■ Data segment ■

____

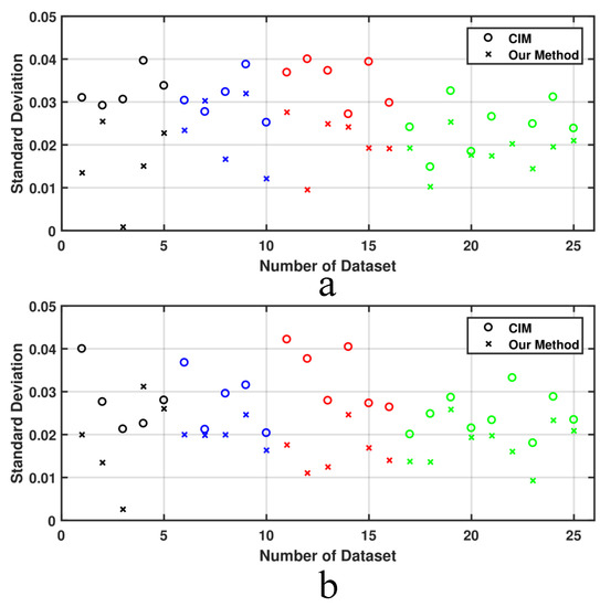 Figure 5 shows the standard deviations of the cross- and along-track errors of 25 selected MWRI data (as shown in Table 2), respectively. In Figure 5, the circle represents the standard deviation of the geolocation error estimated by -ICP CIM, and the fork represents the standard deviation of the geolocation error estimated by CIM. It is clear that the standard deviation of the geolocation errors obtained by -ICP CIM is much lower than that of CIM: an average reduction of . It demonstrates that -ICP CIM is much more stable than CIM. The reasons are:
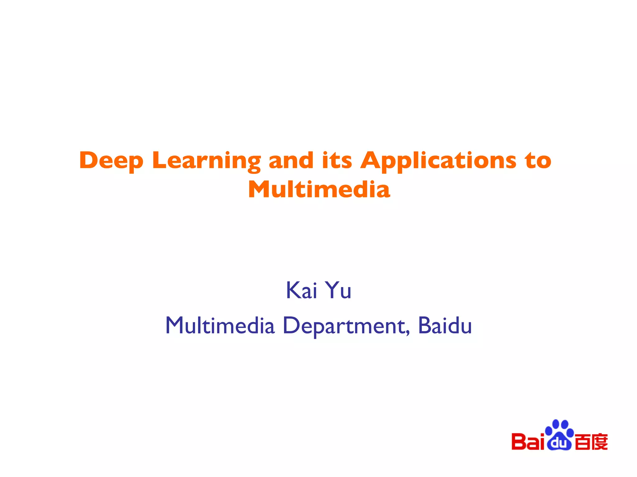 This document discusses deep learning and its applications to multimedia. It provides background on shallow models from the late 1980s and more recent developments in learning with structured data since 2000. Deep learning has seen significant progress since 2006 with improved neural networks. Convolutional neural networks achieved state-of-the-art results on the ImageNet challenge in 2012. Deep learning is also being applied successfully to speech recognition, natural language processing, and other domains. Restricted Boltzmann machines and deep belief networks are important building blocks for deep learning models. Layerwise pretraining and fine-tuning have led to improved classification results.
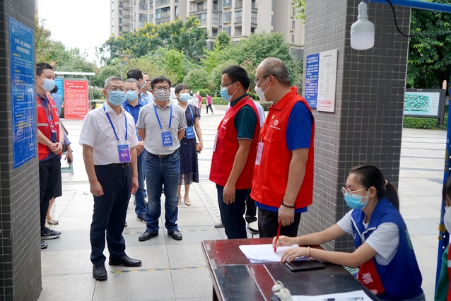 根据成都市新冠疫情防控指挥部的最新通知要求,9月5日0时至9月7日24时,郫都校区和西华苑(北苑)继续开展全员核酸检测。9月5日上午,校党委书记、疫情防控工作领导小组组长余孝其带队深入校园内18个核酸检测点,检查指导全员核酸检测工作,看望慰问核酸检测医生护士、党员志愿服务队、学生青年志愿者等一线抗疫工作人员和在校师生。校党委副书记、校纪委书记朱燕萍,校党委副书记张力,副校长郑鈜,学校疫情防控工作领导小组办公室相关人员陪同检查看望。
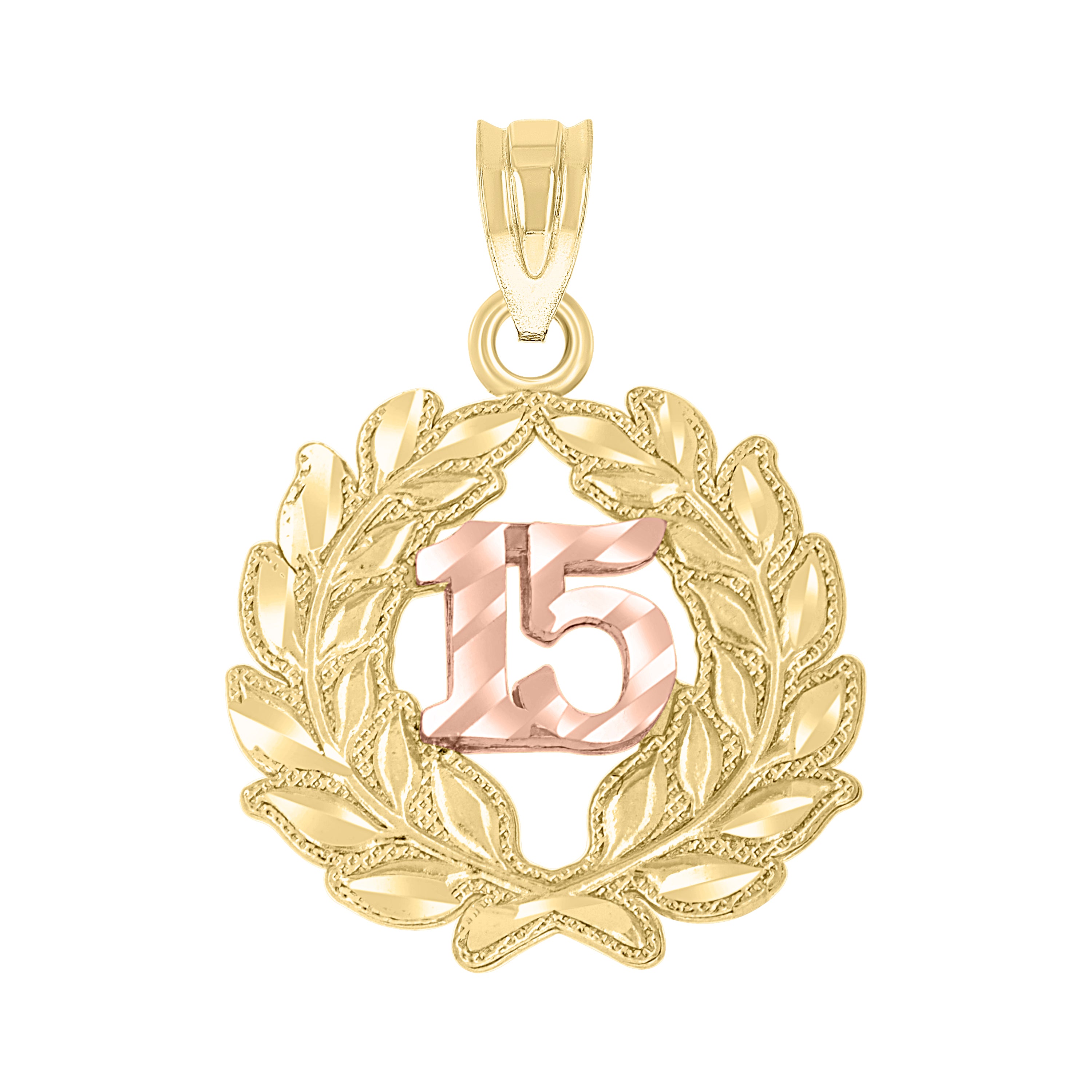 14Kt Gold Womens Two-Tone 15 Anos Quinceanera Pendant Charm

____

■ What this task involves ■
Would you copy all of the data exactly? Keep the pictures out of it.

■ Solution to the exercise ■
 Figure 5 shows the standard deviations of the cross- and along-track errors of 25 selected MWRI data (as shown in Table 2), respectively. In Figure 5, the circle represents the standard deviation of the geolocation error estimated by -ICP CIM, and the fork represents the standard deviation of the geolocation error estimated by CIM. It is clear that the standard deviation of the geolocation errors obtained by -ICP CIM is much lower than that of CIM: an average reduction of . It demonstrates that -ICP CIM is much more stable than CIM. The reasons are:
 This document discusses deep learning and its applications to multimedia. It provides background on shallow models from the late 1980s and more recent developments in learning with structured data since 2000. Deep learning has seen significant progress since 2006 with improved neural networks. Convolutional neural networks achieved state-of-the-art results on the ImageNet challenge in 2012. Deep learning is also being applied successfully to speech recognition, natural language processing, and other domains. Restricted Boltzmann machines and deep belief networks are important building blocks for deep learning models. Layerwise pretraining and fine-tuning have led to improved classification results.
 根据成都市新冠疫情防控指挥部的最新通知要求,9月5日0时至9月7日24时,郫都校区和西华苑(北苑)继续开展全员核酸检测。9月5日上午,校党委书记、疫情防控工作领导小组组长余孝其带队深入校园内18个核酸检测点,检查指导全员核酸检测工作,看望慰问核酸检测医生护士、党员志愿服务队、学生青年志愿者等一线抗疫工作人员和在校师生。校党委副书记、校纪委书记朱燕萍,校党委副书记张力,副校长郑鈜,学校疫情防控工作领导小组办公室相关人员陪同检查看望。
 14Kt Gold Womens Two-Tone 15 Anos Quinceanera Pendant Charm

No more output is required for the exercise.